National

Struggling with debt, for-profit college students see their loan discharged in Department of Education push

Courtesy of Stephen Sartori

Many students have dealt with heavy debt burdens after enrolling in predatory for-profit colleges. Syracuse University is a non-profit university.

With Donald Trump’s presidency on the horizon, the U.S. Department of Education has worked in recent months to discharge the federal loans of students who attended for-profit colleges that have closed, leaving students stranded and in debt.

Over the last four years, several major for-profit college chains have closed or been shut down by the DOE, largely due to the use of misinformation in advertising.

Corinthian Colleges, for example, closed on April 15 after the DOE threatened to fine the company $30 million for using inflated job placement data to recruit new students, according to NBC News.

Meanwhile, the American Career Institute closed in 2013 because of financial problems and later admitted to having used falsified success rates and accepting unqualified applicants in a consent judgement reached in June 2016, according to The Boston Globe.

ITT Technical Institutes, another for-profit college, closed in September 2016 following the DOE’s decision to ban it from accepting students who benefit from federal financial aid, per the Los Angeles Times. More than 35,000 students were left with debt instead of diplomas.



“(Students at those schools) lost their grants. … They lost their time, they got humiliated and we’re never going to make those folks whole,” said David Halperin, who advocates against fraudulent for-profit institutions through various platforms, including his website Republic Report.

Many for-profit institutions attract low-income students who qualify for substantial federal student aid, with some for-profits deriving well over 80 percent of their revenue from federal funding, according to The Boston Globe. This means that students at for-profit schools often suffer when the schools shut down, said Tariq Habash, a policy associate at The Century Foundation, a left-leaning, nonpartisan think tank.

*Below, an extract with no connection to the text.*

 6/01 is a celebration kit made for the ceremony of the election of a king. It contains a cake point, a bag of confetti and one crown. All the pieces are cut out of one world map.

“Many of these student loan borrowers are living in poverty,” Habash said. “(When their claims are not processed quickly by the DOE) they’re hurt pretty badly in a situation where they are likely already struggling because an institution preyed upon them.”

In response to the recent wave of school closures and fraud investigations, the DOE has created new protocols to streamline the application procedures for borrower-defense discharges, Habash said.

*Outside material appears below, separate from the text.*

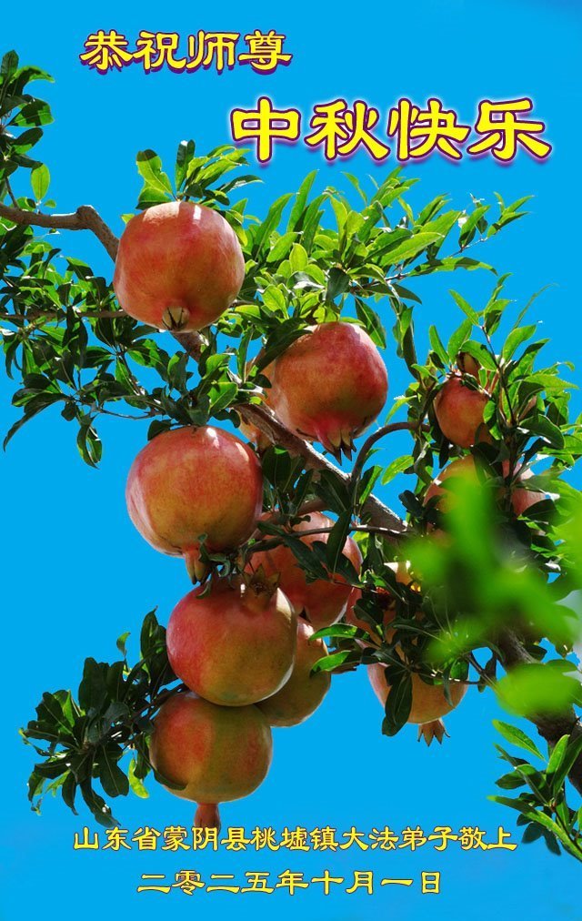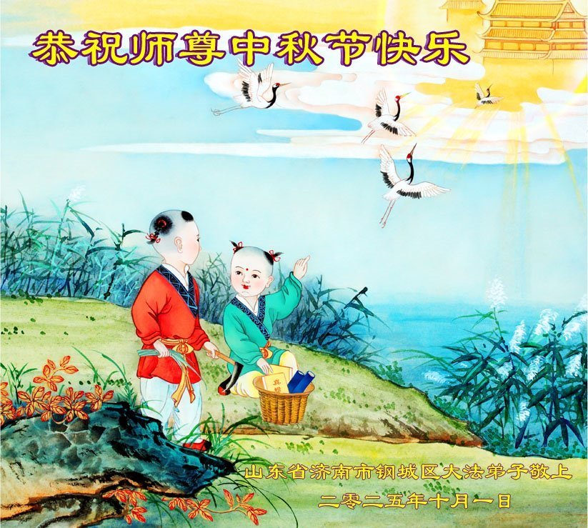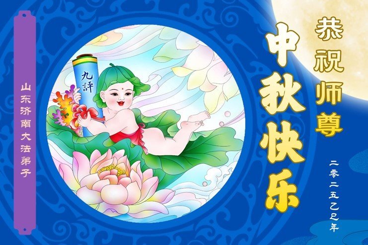 【明慧网二零二五年十月五日】 山东省济南市一大法弟子恭祝师尊中秋节快乐!

“We are evaluating claims as quickly as possible,” Jim Bradshaw, a spokesman for the DOE, said in an email.

The DOE has also begun reaching out to students who might be eligible for student loan discharges through social media, email and postal mail, according to a statement on its website.

Students whose schools close before they are able to complete their degrees are eligible for a closed-school discharge, which allows them to either transfer their credits to another institution or have their loans forgiven, Habash said.

Students whose schools are found by the DOE to have engaged in misconduct or fraud may also be eligible for a borrower-defense loan discharge, which is done through bankruptcy, Habash said.

As of Jan. 13, the DOE has approved over 28,000 total claims by students of Corinthian Colleges, and more than 6,300 claims by students of ITT Technical Institutes, according to a statement published on the DOE website. Additionally, a June 2016 court ruling against ACI opened the door for the DOE to issue a blanket borrower-defense discharge for any of the 4,500 former ACI students whose loans have not already been discharged.

“You can see that the people working on this issue have done an enormous amount of work in the last few months,” Halperin said. “They’re doing years of work in just a few months.”

Still, some advocates have been pressuring the DOE to work even faster, fearing that the next administration may not prioritize debt relief efforts for students affected by school closures and fraud.

“The Department of Education has been heavily criticized by some of the student groups that we work with for going so slow on the debt relief,” Halperin said.

“I think the … concern (among activists) is that a more conservative administration might be even less willing to provide discharges to students than this current administration,” Habash added.

Both Halperin and Habash said the Trump administration’s position on the issue of fraudulent institutions and debt relief is hard to predict.

But despite the ambiguities in Trump’s educational policy, Habash said he does not think there is any hard evidence yet that the next administration won’t be open to pursuing debt relief for students who have been defrauded.

“I would strongly encourage advocates to continue to pressure the next administration as they have this administration in expediting the processes,” Habash said.